City Bus file photo

East Central Elementary students get on Rome Transit Department buses in this file photo from 2014.

Rome city and Rome City Schools netted an extension of their deadline to switch students from the public transit system to buses owned and operated by the school system.

Officials were in a time crunch to change the 35-year-old arrangement before classes start this fall. The Georgia Department of Transportation recently notified City Manager Sammy Rich they’ll have until Jan. 1.

“The Department recognizes that complying with the implementation date will still be challenging ... Please begin educating parents and children on the new procedures as soon as possible,” the letter from GDOT Transit Program Manager Leigh Ann Trainer reads.

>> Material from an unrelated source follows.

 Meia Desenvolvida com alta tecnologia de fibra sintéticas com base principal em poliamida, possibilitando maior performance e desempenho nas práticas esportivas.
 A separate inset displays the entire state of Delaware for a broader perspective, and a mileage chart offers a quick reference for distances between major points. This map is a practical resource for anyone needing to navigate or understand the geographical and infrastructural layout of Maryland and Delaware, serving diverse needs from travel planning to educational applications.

Rome City Schools has ordered 35 buses that are scheduled to be delivered by Nov. 1.

Drivers — who need a special license — still have to be hired and trained.

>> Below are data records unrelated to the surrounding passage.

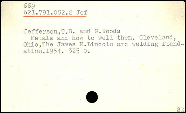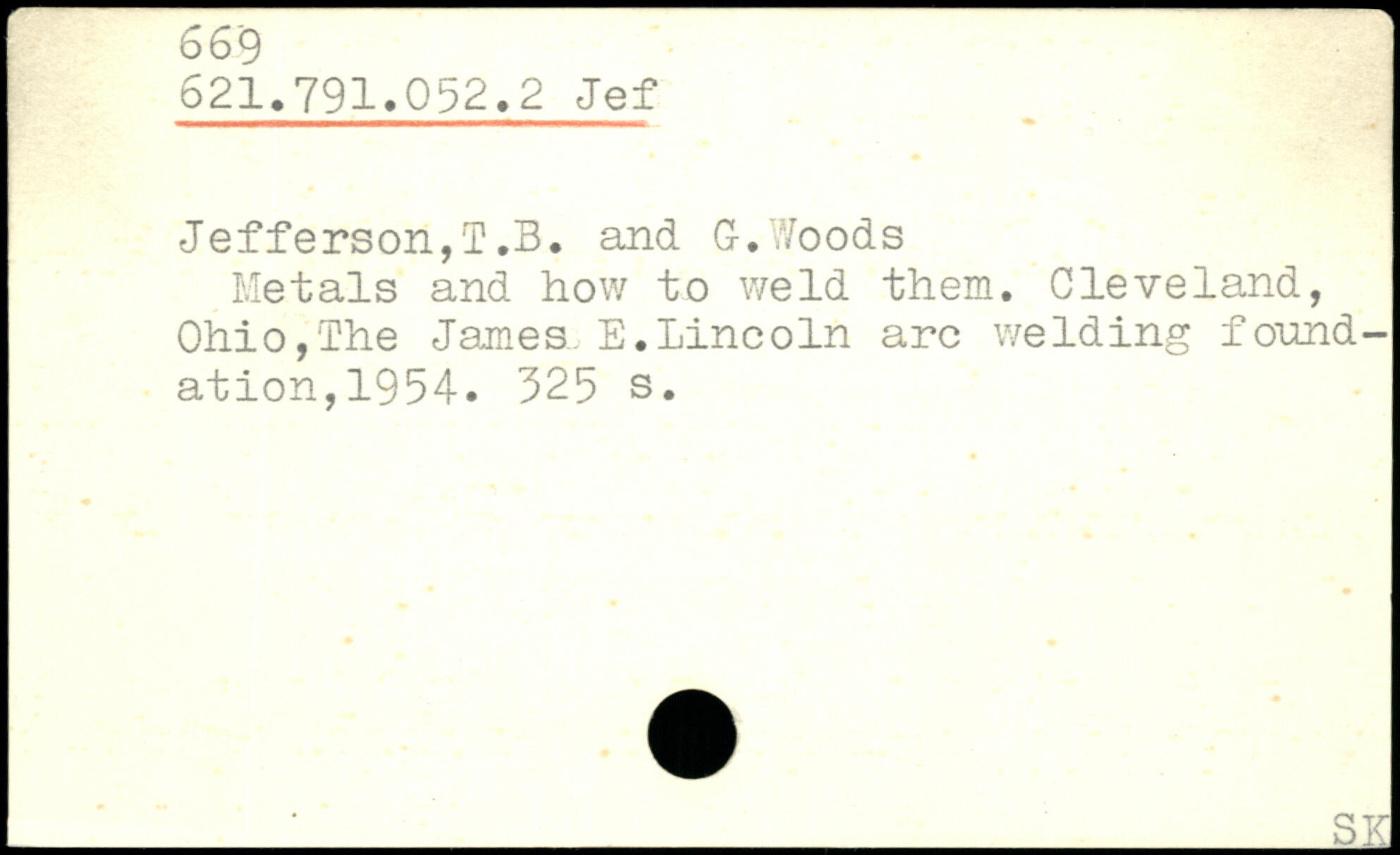 Jefferson,T.B. and G-. Woods Metals and how to weld them. Cleveland, 0hio,ihe James. E.Lincoln arc welding foundation, 1954.
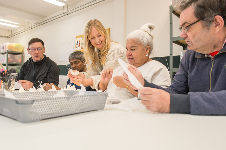 Unsere 45 Mitarbeitenden sind adäquat ausgebildete Fachkräfte, die sich in den Bereichen Wohnen, Tagesstruktur (Arbeit & Freizeitgestaltung) und Administration engagieren.
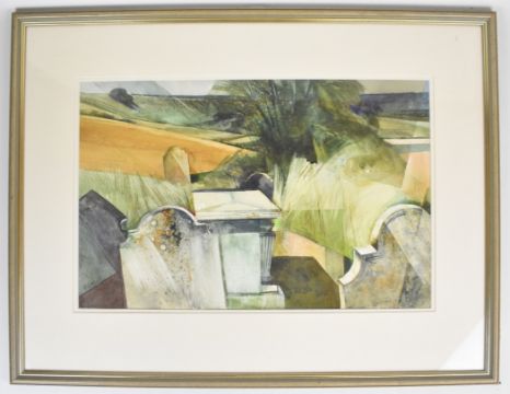 Peter L. Folkes (1923-2019) watercolour ‘From Chilcomb Church Yard’ with artist label on reverse, 34 x 52cm framed

Assistant City Manager Patrick Eidson expressed disappointment Thursday that the extension would go public before he had a chance to notify transit employees — some of whom are off for the summer break. An internal memo is slated to go out today.

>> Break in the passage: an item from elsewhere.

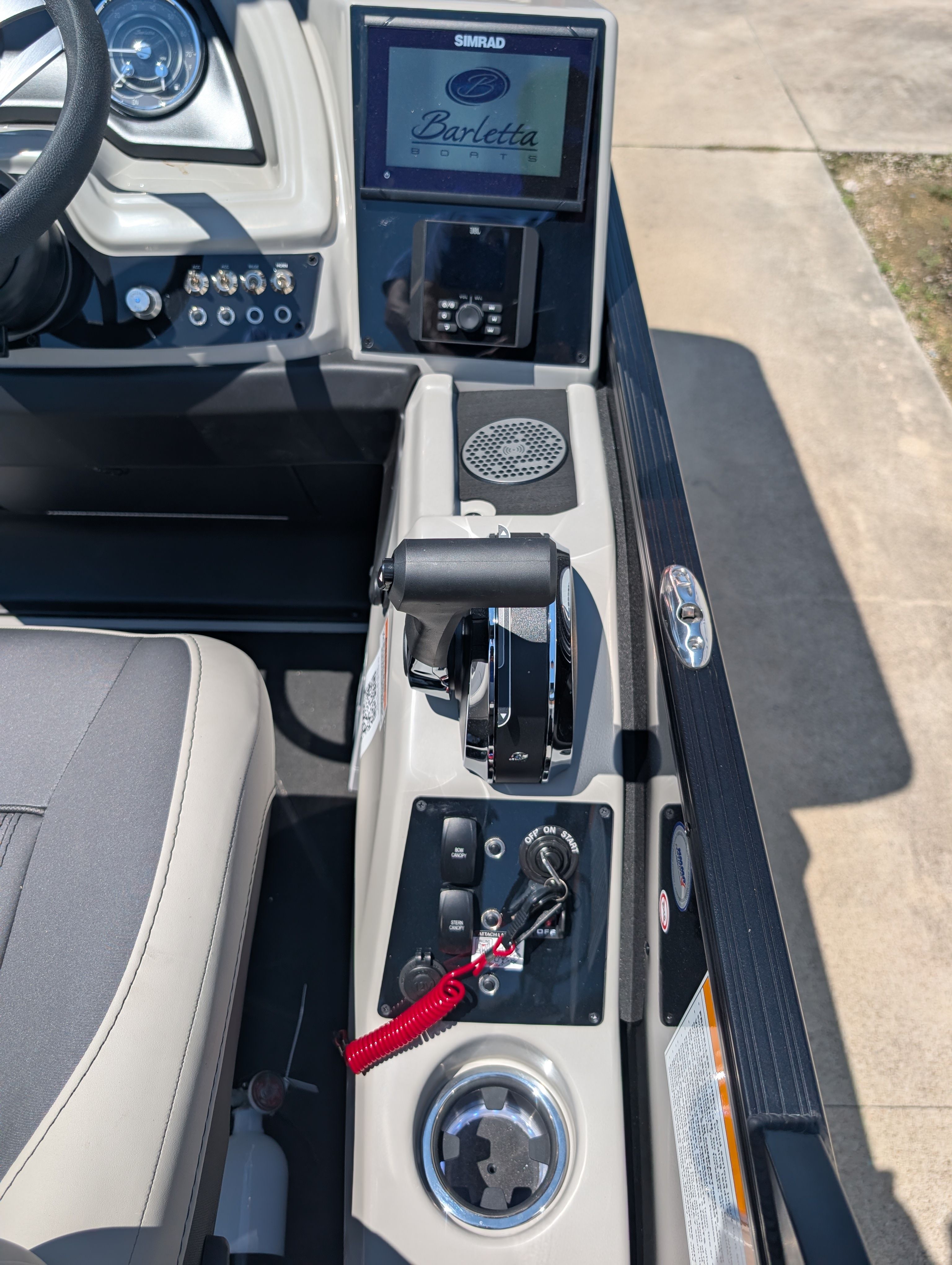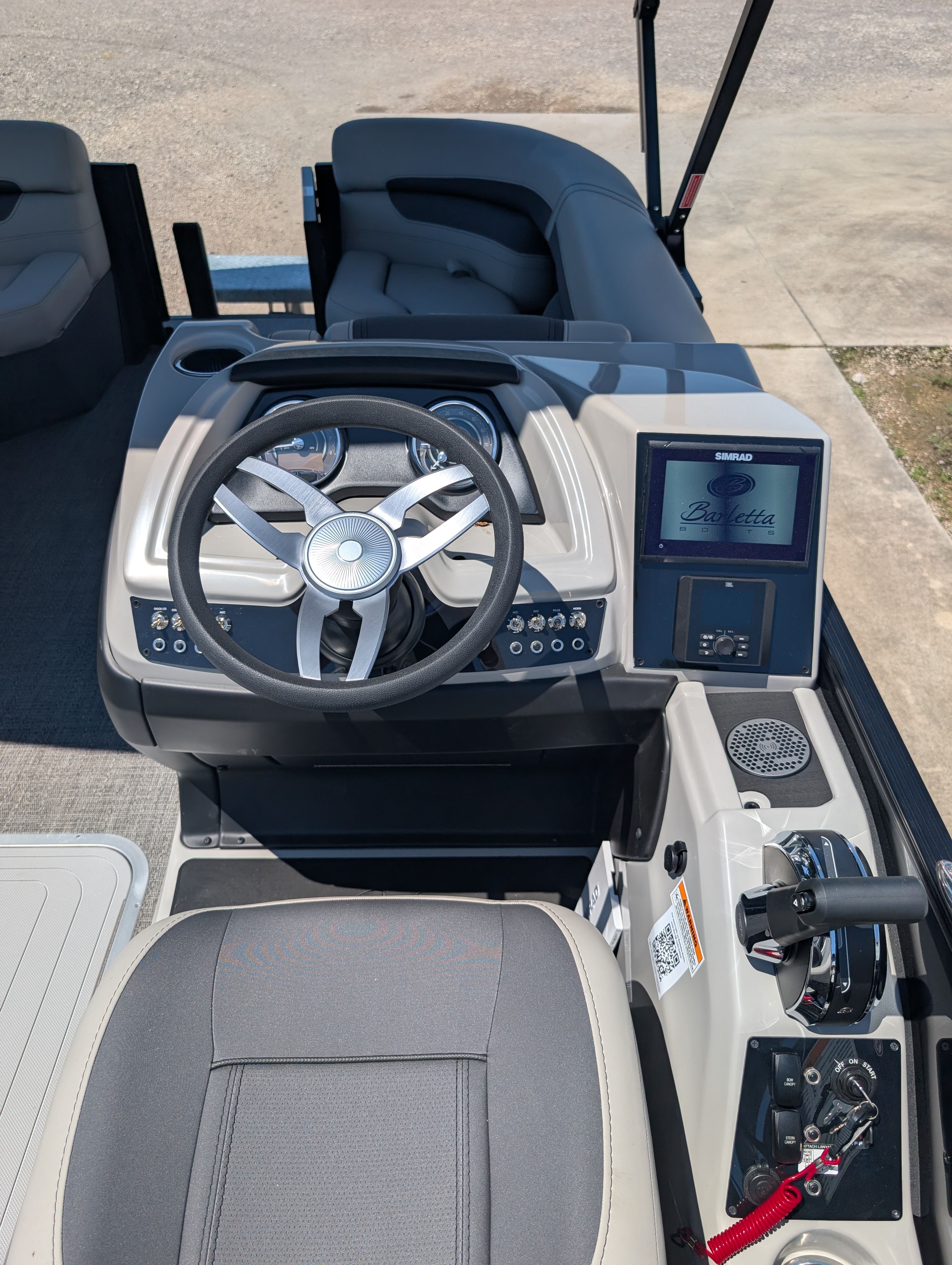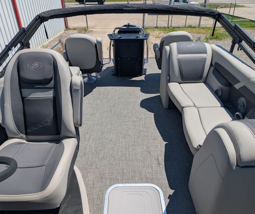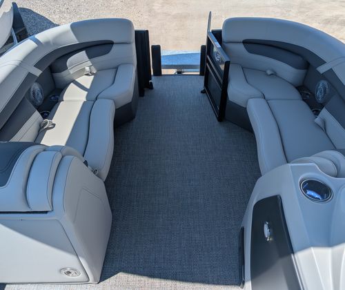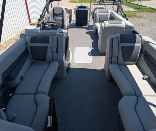 The 2025 Barletta Cabrio C22CC is packed with premium features that set it apart from other pontoon boats for sale. The Amore Gray flooring offers a modern and sophisticated look while providing durability and easy maintenance. The interior RGB Lighting Package Cabrio creates a vibrant and customizable atmosphere, perfect for evening gatherings or late-night cruises. Entertain guests around the stylish table, pedestal, and base, complete with Yeti-ready cupholders to keep your favorite beverages secure and within reach.The Triple Toon Package with midship storage enhances stability and buoyancy, ensuring a smooth and comfortable ride even when the boat is fully loaded. The helm is equipped with a Simrad 7 G07 XSR chartplotter and multifunction display, giving you advanced navigation and control at your fingertips. The exterior features a Metal Jacket Protectant, offering added durability and protection against the elements, while the Blackout Package Cabrio railskin adds a sleek, modern touch to the boat’s profile.Inside, the Marquesan Gray furniture with charcoal accents provides plush seating and a refined aesthetic, making every moment on board feel like a luxury experience. Every detail, from the upholstery to the layout, is designed with comfort and style in mind.

City officials have been keeping drivers updated on developments and he said that support is continuing.

“We’re already working on how we can transfer our drivers who are interested in working for the school system,” Eidson said. “That’s underway. We’re going to make sure our drivers are trained and prepared for this.”

A Federal Transit Administration audit last year noted that transporting students on the public transportation system it funds is a violation of federal regulations.

The original order was to end the contract immediately, but Rich, Eidson and school officials launched a campaign on several fronts that resulted in an Aug. 1 deadline for the transition. They’ve been working with GDOT to get a 12-month extension, Eidson said, but appreciate even the bump to Jan. 1.

With breathing space for the schools secured, however, the city still has to determine what’s going to happen with its public transportation system.

“Support (from the FTA) was tied to general ridership,” Eidson explained. “With all those tripper riders gone, we don’t know what that’s going to do in terms of funding for it.”

But officials believe there’s a need to keep both the mainline bus service and the heavily used paratransit service.

Eidson said they are finalizing a request for proposals from consultants who can evaluate those services and come up with a path for future growth. The expenses associated with the tripper service will be gone, he noted, but how to maintain federal funding is a complicated issue.

“It all comes down to dollars and cents, but this affects our entire community,” Eidson said.